How to complete this task | Every line below from the one containing "ビタミンCカプセル*1 でメラニンを押さえ、 明るい印象の肌へと導くクレンザーです。" through the one containing "Closeup of Textured" is to be printed exactly, with the pictures omitted.

Available records |
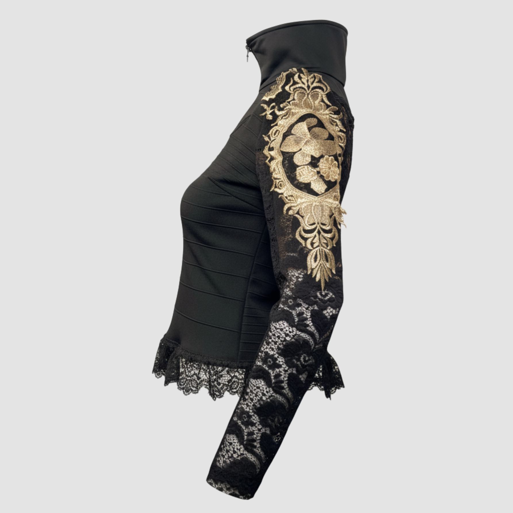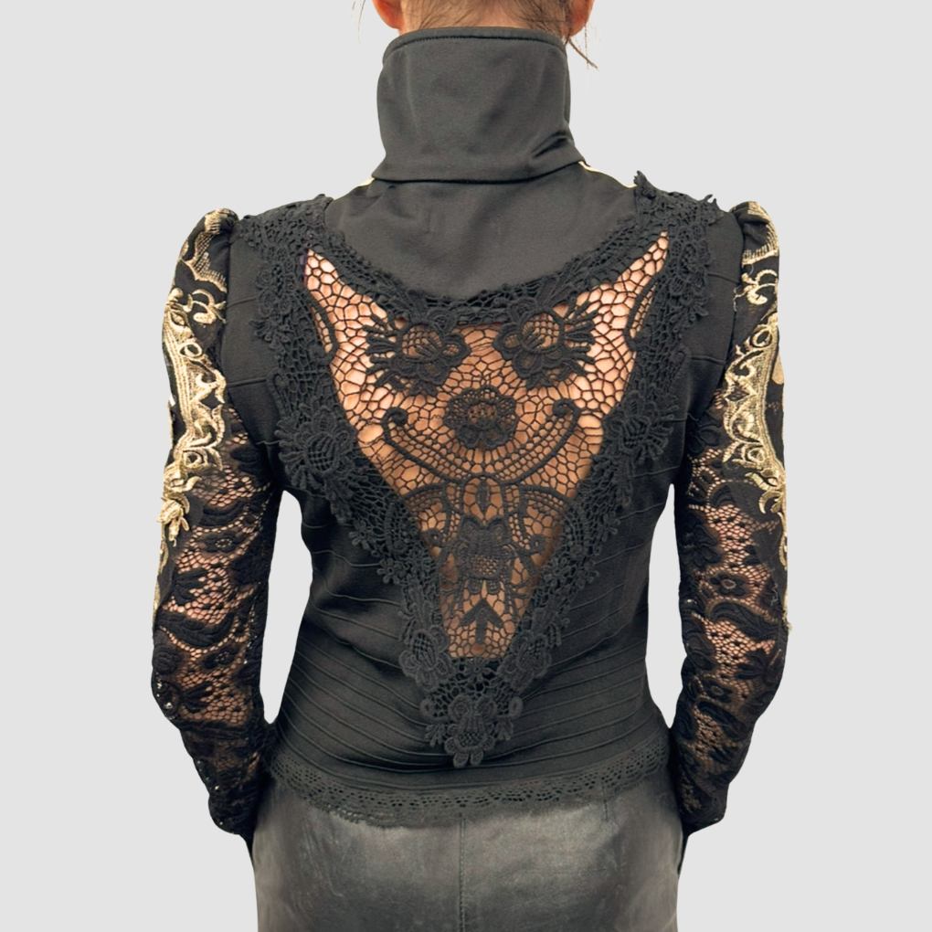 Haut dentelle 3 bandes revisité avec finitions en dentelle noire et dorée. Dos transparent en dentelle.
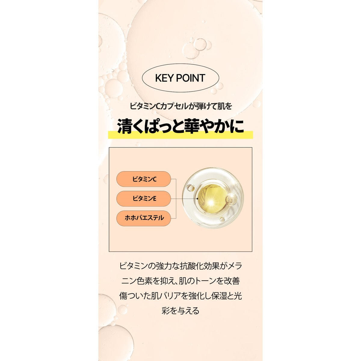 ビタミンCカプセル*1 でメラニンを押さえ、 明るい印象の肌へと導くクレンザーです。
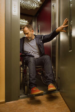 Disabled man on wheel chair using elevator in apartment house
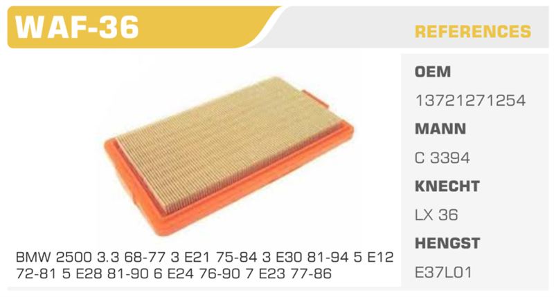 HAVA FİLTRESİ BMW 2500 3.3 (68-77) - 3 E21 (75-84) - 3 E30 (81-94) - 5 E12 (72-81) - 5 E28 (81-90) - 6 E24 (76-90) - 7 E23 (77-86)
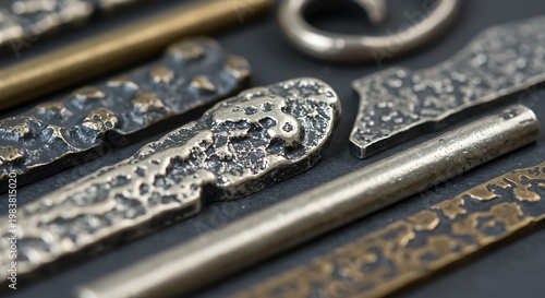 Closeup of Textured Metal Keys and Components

...

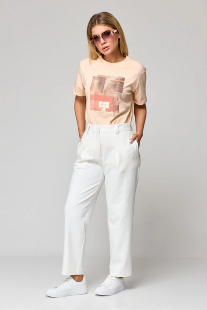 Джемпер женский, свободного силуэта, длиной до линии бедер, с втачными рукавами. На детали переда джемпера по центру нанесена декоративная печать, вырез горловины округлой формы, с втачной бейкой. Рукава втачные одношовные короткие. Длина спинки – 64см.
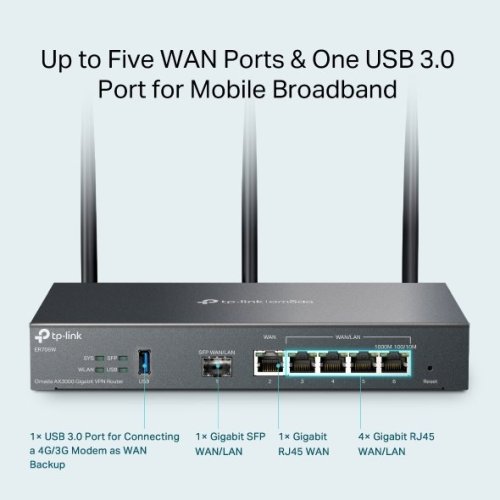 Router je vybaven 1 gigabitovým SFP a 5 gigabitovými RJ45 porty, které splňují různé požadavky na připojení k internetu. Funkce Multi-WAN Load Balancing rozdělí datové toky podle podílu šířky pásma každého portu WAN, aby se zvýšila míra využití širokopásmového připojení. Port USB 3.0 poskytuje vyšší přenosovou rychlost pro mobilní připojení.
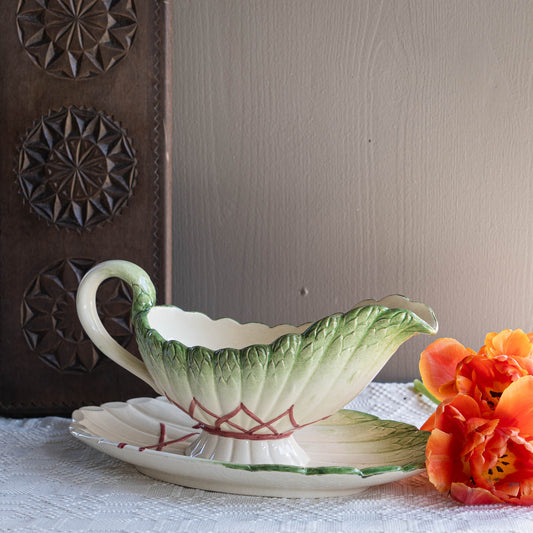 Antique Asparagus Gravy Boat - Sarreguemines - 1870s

Worked solution |
 ビタミンCカプセル*1 でメラニンを押さえ、 明るい印象の肌へと導くクレンザーです。
 Disabled man on wheel chair using elevator in apartment house
 HAVA FİLTRESİ BMW 2500 3.3 (68-77) - 3 E21 (75-84) - 3 E30 (81-94) - 5 E12 (72-81) - 5 E28 (81-90) - 6 E24 (76-90) - 7 E23 (77-86)
 Closeup of Textured Metal Keys and Components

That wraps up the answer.